What is working capital cycle

The working capital cycle describes capital (usually cash) as it moves through a company:

  • it first flows from a company to pay for supplies, materials, finished goods inventory, and wages to workers who produce goods and services.

  • It then flows into a company as goods and services are sold and as new investment equity and loans are received.
Each stage of the cycle consumers time.

The more time the stages consume, the greater the demand on working capital.

Cash ----> pay for supplies, materials, finished goods inventory and wages to workers who produce goods and services ---> goods and services are sold and new investment equity and loans are received ---> Cash

Tricks of the trade

- Good management of working capital includes action like collecting receivables faster and moving inventory more quickly; generating more cash increases working capital.

- While it can be tempting to use cash to pay for fixed assets like computers or vehicles, doing so reduces the amount of cash available for working capital.

- If working capital is tight, consider other ways of financing capital investment, such as loans, fresh equity, or leasing.

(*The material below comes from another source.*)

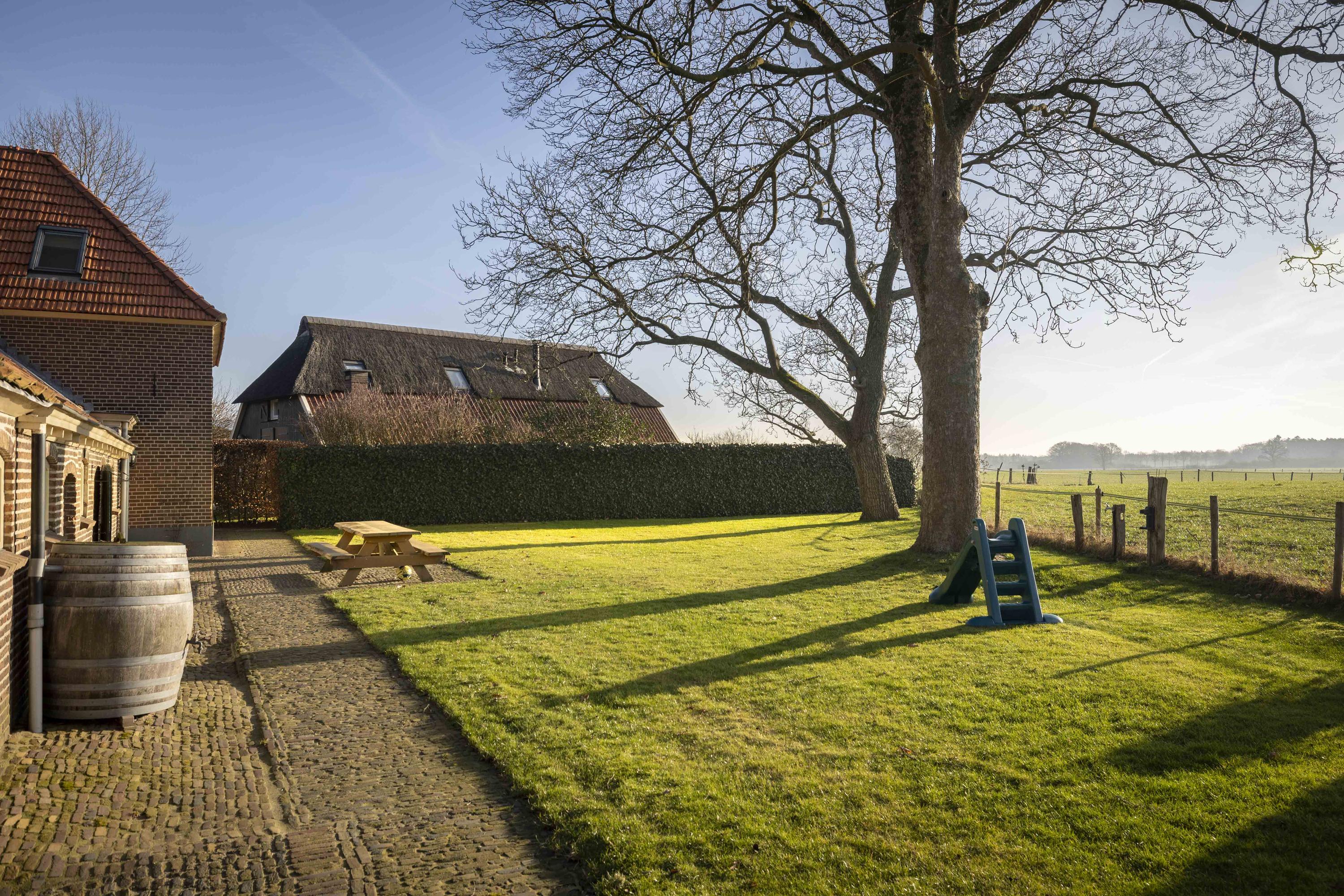 In the sunshine, the house shines out at you, with its fresh red tiles, neat joints, thatched roof (renovated in 2021), and beautiful woodwork covered in thick varnish. Despite its long history, Erve 't Norde is also completely up to date under the hood: the current residents have made the farm sustainable from top to bottom, with thick insulation, HR++ glass, 45 solar panels, and a super-efficient clay stove, making it ready for the next 163 years.

- Early warning signs of insufficient working capital include:

  • pressure on existing cash;
  • exceptional cash generating activities such as offering high discounts for early payment;
  • increasing lines of credit;
  • partial payments to suppliers and creditors;
  • a preoccupation with surviving rather than managing;
  • frequent short-term emergency requests to the bank, for example, to help pay wages, pending receipt of a cheque.

- Several ratios measure how effectively and efficiently working capital is being used. (Key Working Capital Ratios : Stock Turnover(in days), Receivables Ratio(in days) , Payables Ratio(in days) , Current Ratio, Quick Ratio, Working Capital Ratio)

Also read:

Working Capital Management

Working capital management involves the relationship between a firm's short-term assets and its short-term liabilities. The goal of working capital management is to ensure that a firm is able to continue its operations and that it has sufficient ability to satisfy both maturing short-term debt and upcoming operational expenses. The management of working capital involves managing inventories, accounts receivable and payable, and cash.